Steve Groves asked today about the reasoning behind my practice of moderating comments. He follows Scoble's practice of leaving comments open and unmoderated. I've not left a comment on Scobleizer but I presume Bob also uses CAPTCHA (that tool that displays a graphic containing a few charatcers and requires you to enter them).
In contrast, when I set up a blog for a client, I turn off CAPTCHA and authentication but turn on moderation (comments must be approved by the blog owner before they are published. Here is my reasoning:
- Make it as easy as possible for people to leave comments.
- Make sure that negative, derogatory, or inappropriate comments never get published.
- Make sure comments are read by the blog owner in a timely manner.
One big reason for our blogs is to solicit feedback. We want that feedback. If someone is going to take the time and energy to respond to my blog and provide me with a pearl of wisdom, I want to make sure that there are as few barriers as possible. To me, authentication and CAPTCHA are barriers. By using them, we are making legitimate commenters jump through hoops. CAPTCHA sends the wrong message: "Blogger to Commenter: My convenience is more important than yours."

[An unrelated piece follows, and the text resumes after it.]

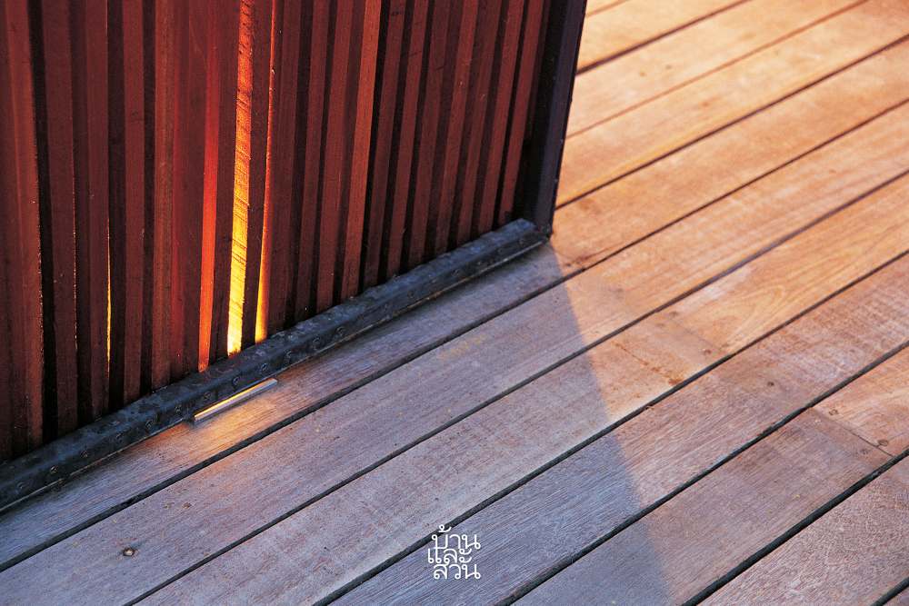 “เราทำแผงไม้นี้ขึ้นเพื่อกั้นแสงแดดให้ตัวบ้านในช่วงเช้า ส่วนตอนกลางคืนก็ต้องการให้แสงลอดผ่านซี่ไม้ออกมา จนดูเหมือนโคมไฟสี่เหลี่ยมขนาดใหญ่”

We do however, want to make sure that comments are approriate. If someone is going to leave a comment saying mean things about my wife - as has happened to Miriam Scoble - I don't want that post to ever be published. I accomplish that by moderating comments.

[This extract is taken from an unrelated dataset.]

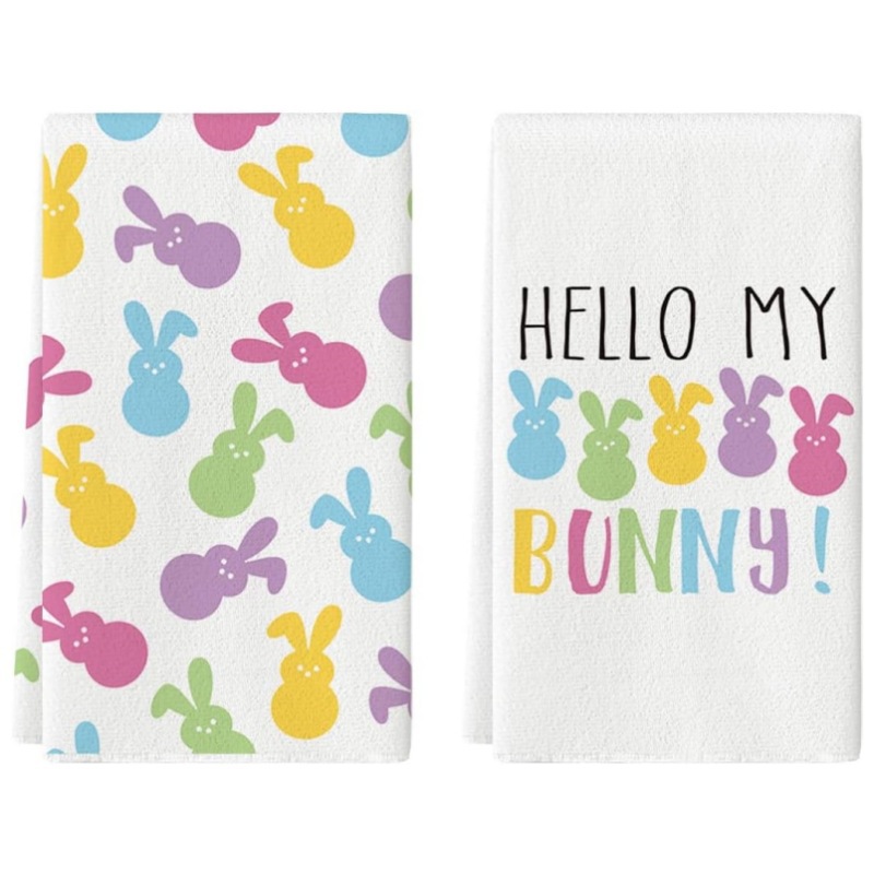 クロスボーダー熱売カラーウサギプリントイースターキッチンタオル超繊維材質レストラン皿洗い布現物卸売り

To accomplish the third goal, I configure the blog so the owner is notified of each comment. Otherwise, if someone leaves a comment to a post I wrote months ago, I might not notice. On top of that, most business owners have their hands full just running their businesses. They are likely to be too busy to periodically check for comments if they have to do it themselves. Email notification is a great way to make sure that comments get read.
I'm not saying that Bob Scoble does it the wrong way. Bob Scoble has a different problem: He gets hundreds (thousands?) of comments and it is just not humanly possible for him to review and approve each one. CAPTCHA allows him to filter out the SPAM. It does not, however, prevent inapropriate comments from being published, but Bob knows that and it's something he is willing to accept.